There certainly was a time when Strictly was one of the only places you could get legally exported dart frogs. They started a lot of people in the hobby and today they are the same as they were then except their animals are in much better shape (thanks much to Marcus Breece for teaching the exporters how to handle the frogs for ALL of their customers). 
I have no problem with Strictly, they are what they are and a part of this hobby's history. Stand down "frog police"!!


----------



## JJuchems (Feb 16, 2004)

I have purchased from Strictly Reptiles, and they are one of the better importers I have worked with. Importers use common/general names all the time for easy recognition. Mark is right, their are a lot of dart frogs in the hobby that came from Strictly's.


----------



## jjthom2 (Oct 13, 2008)

I recently purchased 3 of these "Man Creek" Pumilio from a seller in Canada who imported from Strictly. All appear to be well fed and in good health (far better shape than previous imports I have seen here).

I will be keeping them seperate from my "Man Creeks" after quarantine because they seem larger and more "granuliferous" like - no collection locale. 

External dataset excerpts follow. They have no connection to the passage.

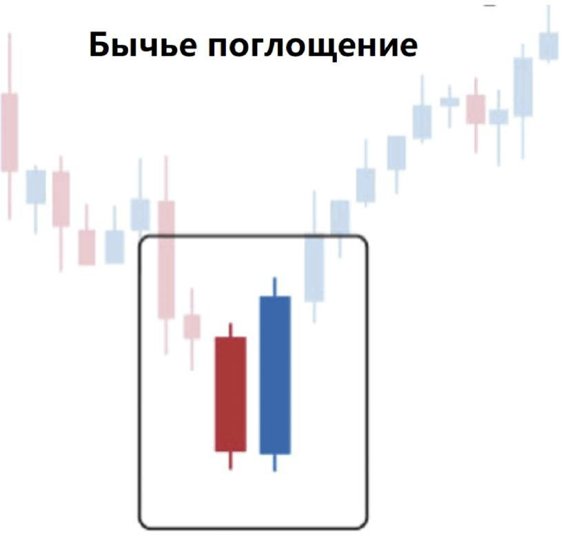 Комбинации японских свечей представляют собой модели или паттерны. Они могут состоять из одной свечи, двух свечек, трех свечек и более. В целом, все они подразделяются на две основные категории: модели (паттерны) разворота, и модели продолжения движения. С этом материале мы начнем знакомиться с самыми эффективными моделями разворота тренда. Открывать новую позицию по сигналу разворота следует только в том случае, если этот сигнал подтверждается дополнительными инструментами анализа кроме японских свечей. Не забывайте, пожалуйста, про это. В частности, нужно знать и понимать, что свечные модели лучше всего отрабатывают у сильных уровней поддержки/сопротивления. Как правильно определять такие уровни, мы затронем в отдельном уроке. В данном материале мы затронем первые 3 бычьих модели разворота. БЫЧЬЕ ПОГЛОЩЕНИЕ Модель (паттерн) разворота «бычье поглощение» формируется в конце нисходящего тренда и состоит из двух японских свечей, первой из которых идет медвежья, а второй бычья. При этом д
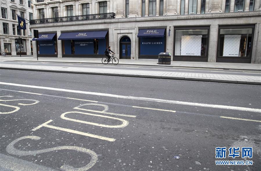 5月12日,在英國倫敦,一名男子騎行經(jīng)過攝政街關(guān)閉的店鋪。新華社記者韓巖攝
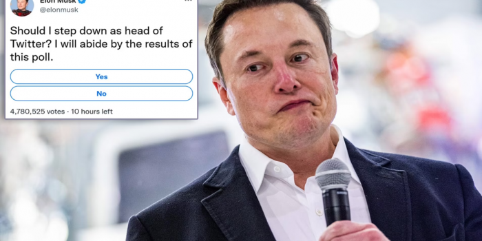 首席挖苦Elon Musk问Twitter用户是否应该辞去首席执行官希望追随他的调查结果。
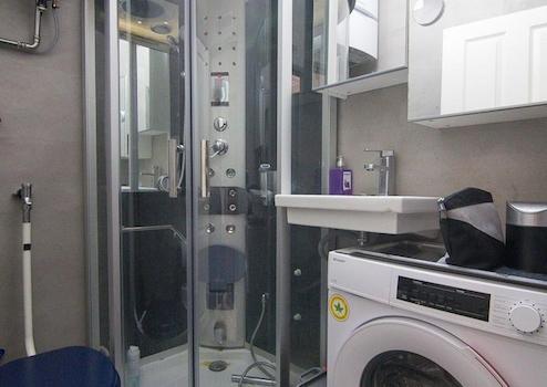 Badezimmer hat Dampfsauna/Dusche, WCs und gut platzierte kleine Waschmaschine. Hier ist der kleiner Raum ist wirklich optimal eingerichtet.
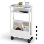 サイドテーブル スリム 白 キャスター付き 幅40×奥行き18×高さ59.5cm サイドテーブル 収納 スリム ナイトテーブル ベッド横 おしゃ
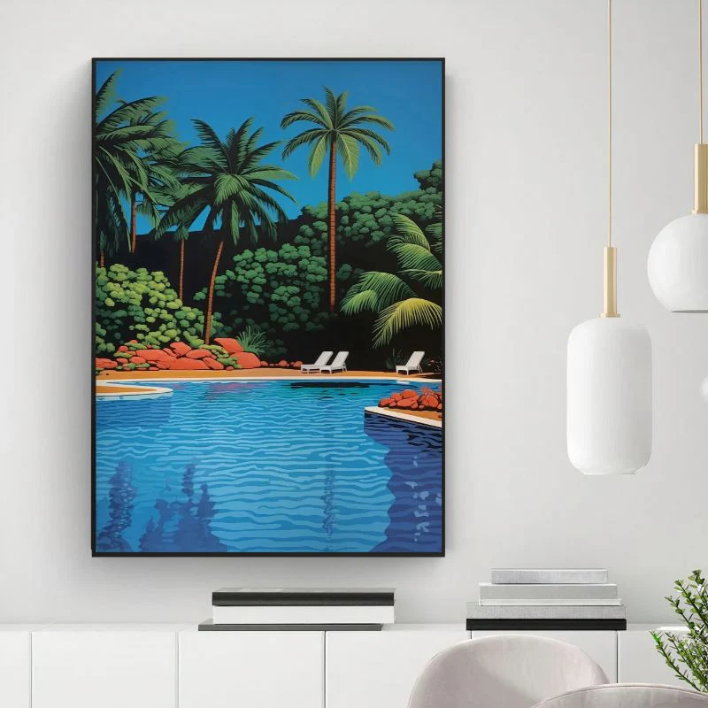 Laissez-vous tenter par notre tableau villa piscine style japonais, une impression sur toile qui apporte une touche d’élégance à votre décoration ! Ce tableau décoratif imprimé sur toile présente une scène paisible : une villa moderne avec piscine, entourée de verdure, le tout dans un style japonais. Véritable invitation au calme, cette impression sur toile est parfaite pour créer une ambiance zen dans un salon, une chambre ou une salle de bain, s’accordant avec tout type de décoration, de la minimaliste à la contemporaine.

I'll try to get some pics up.


----------



## Ed (Sep 19, 2004)

markpulawski said:


> There certainly was a time when Strictly was one of the only places you could get legally exported dart frogs. They started a lot of people in the hobby and today they are the same as they were then except their animals are in much better shape (thanks much to Marcus Breece for teaching the exporters how to handle the frogs for ALL of their customers).
> I have no problem with Strictly, they are what they are and a part of this hobby's history. Stand down "frog police"!!


Hi Mark,

Wasn't it Pete Bandrey that first started treating the frogs when he imported them that helped stabilize a lot of the old imports? 

Ed


----------